Silicon take a look at and telemetry within the age of AI
With the size and processing calls for of AI units and workloads on the rise, system reliability, silicon well being and SDC points have gotten extra widespread. Whereas there isn’t a single resolution or antidote for avoiding these points, deeper and extra complete take a look at, restore, and telemetry—on the silicon degree—may also help mitigate them. The flexibility to detect or predict in-field chip degradation is especially invaluable, enabling corrective motion earlier than sudden or catastrophic system failures happen.
Delivering end-to-end visibility by RAS, silicon take a look at, restore, and telemetry might be more and more essential as we transfer towards the age of AI.
Shankar Krishnamoorthy is chief product improvement officer at Synopsys.
Krishna Adusumalli is R&D engineer at Synopsys.

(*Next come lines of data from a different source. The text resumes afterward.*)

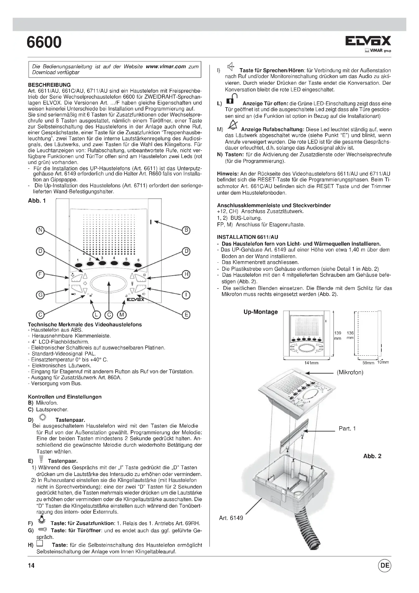 Finden Sie kostenlos die Bedienungsanleitung des Geräts ELVOX 6611AU Vimar als PDF.
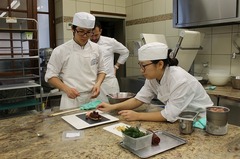 今回助手を努めてくれたのは、製菓研究課程の杉村真由さんと菅原嗣生君。シェフの指示を聞き取り、生地やジュレを一緒に作ったり、盛り付けを任せてもらったりと、たくさんの作業をこなしてくれました。
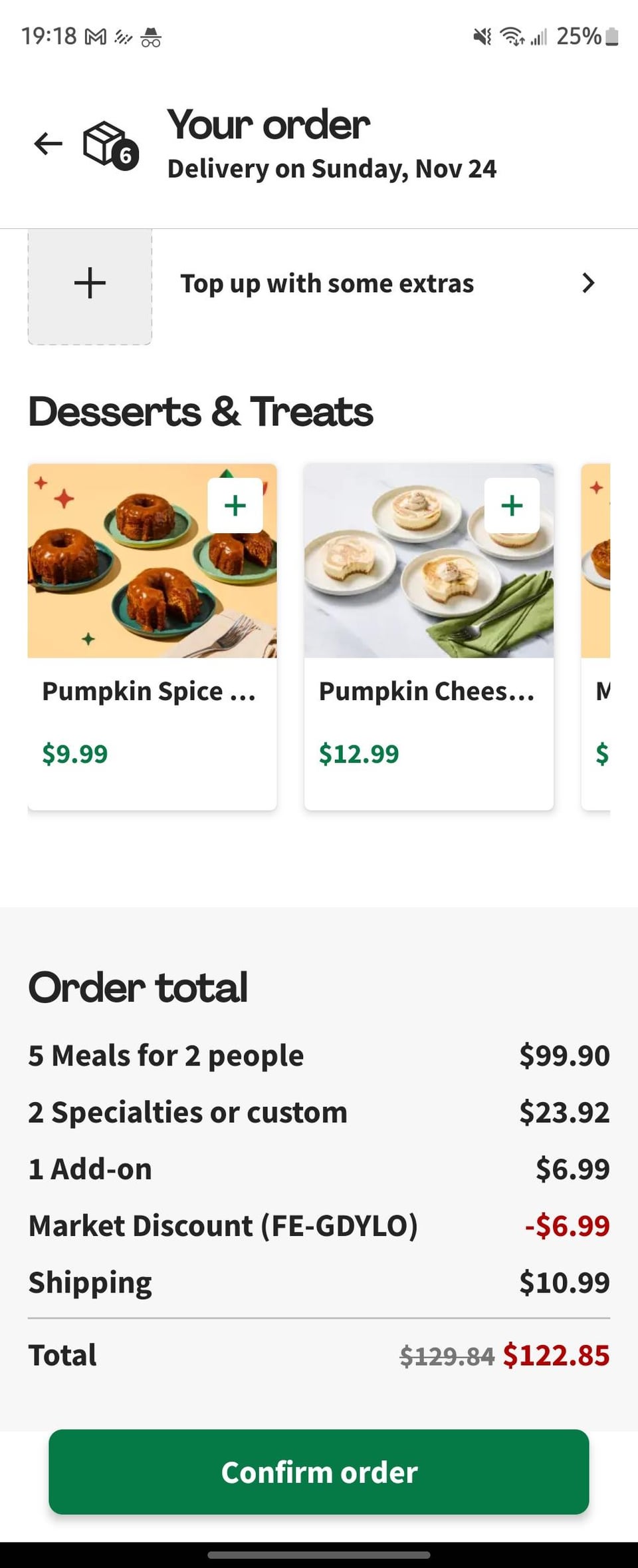 The price for the specialty meals are <base rate> ***+ $4.99***, so if the meals are normally $20 for two, the specialty price for the meal (two servings) would be $29.98. It looks like you have 6 meals: so 5 would be at regular price and maybe the 6th has a base rate of about $12 or $13 +9.98 + tax?
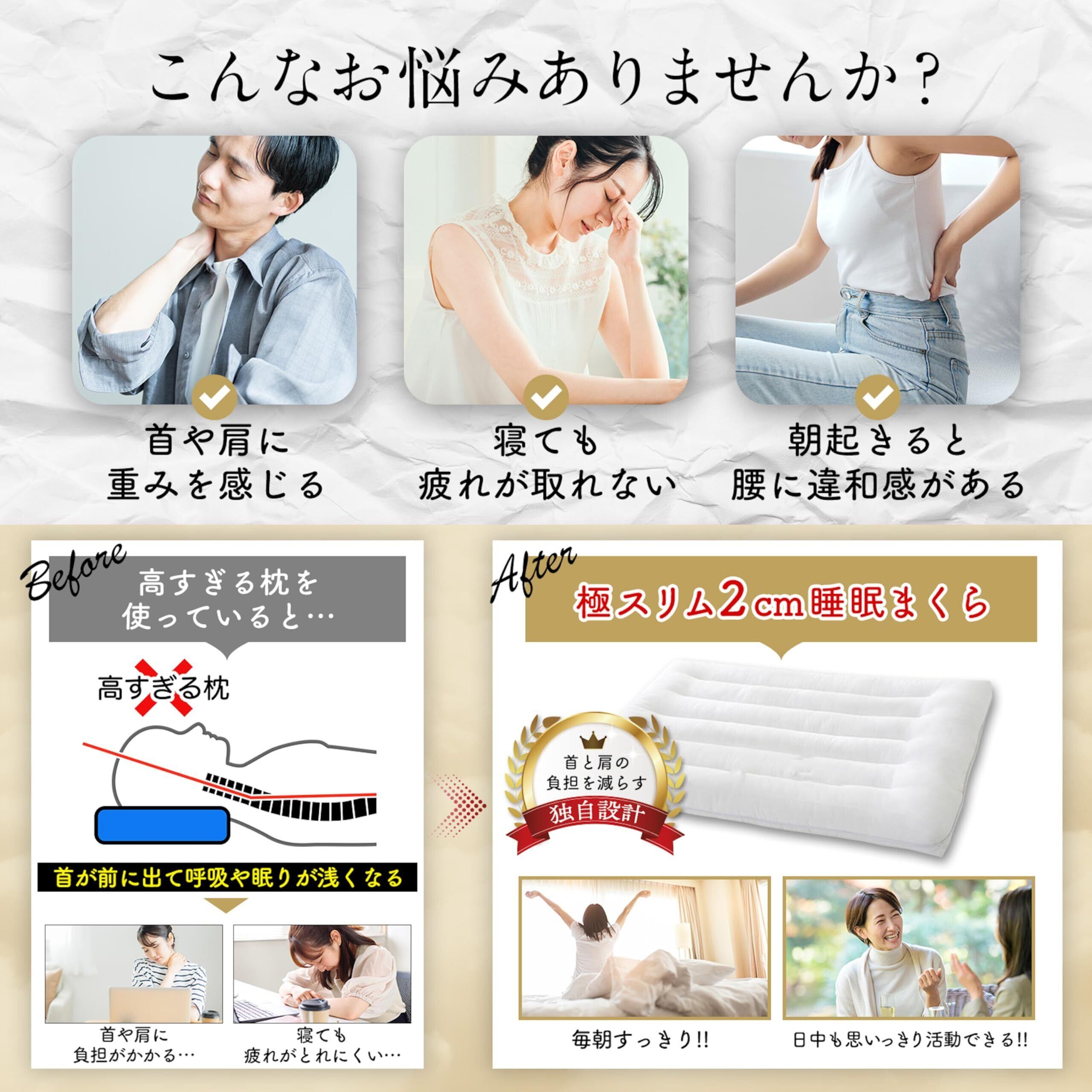 ”低さ”と”寝心地”を追求した「極スリム2cm睡眠まくら」/ 【整体師が推薦】首や肩の負担を減らしたい方のための低い枕。
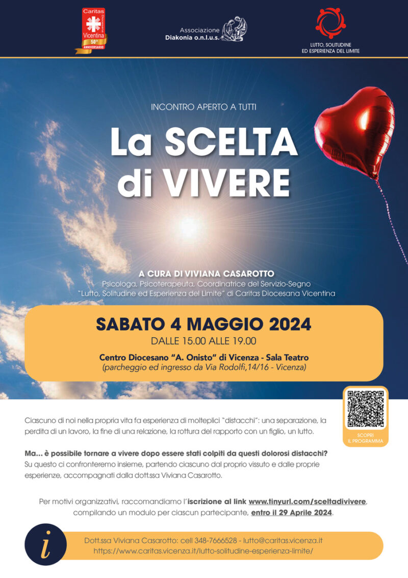 “La scelta di vivere”, IX incontro annuale promosso dal Servizio-Segno di Caritas Diocesana Vicentina “Lutto, Solitudine ed Esperienza del limite”
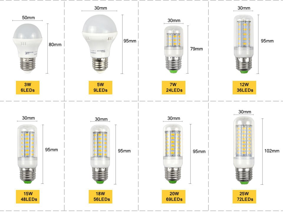 Мощность: 7W, 12W, 15W, 18W, 20W, 25W
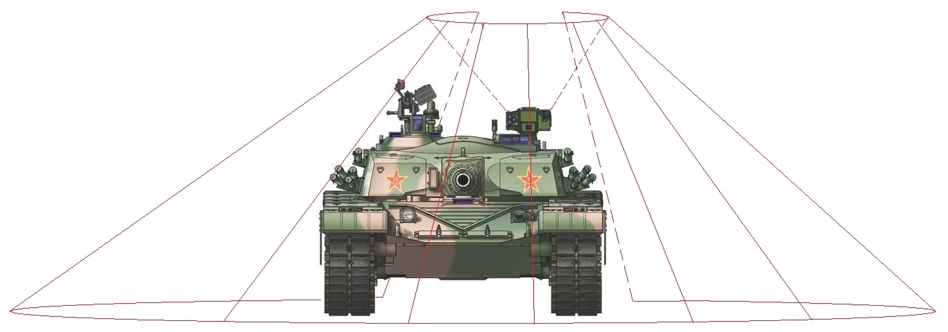 主动防御系统通过主动反应式装甲能为坦克提供200-270度,半径约为20-30米的“防御圈”

Jyotika Athavale is structure engineering director at Synopsys.
Yervant Zorian is chief architect at Synopsys.
Associated Content material
- Uncovering Silent Knowledge Errors with AI
- 11 steps to profitable {hardware} troubleshooting
- Self-testing in embedded programs: {Hardware} failure
- Understanding and combating silent knowledge corruption
- Check options to confront silent knowledge corruption in ICs
The publish Addressing {hardware} failures and silent knowledge corruption in AI chips appeared first on EDN.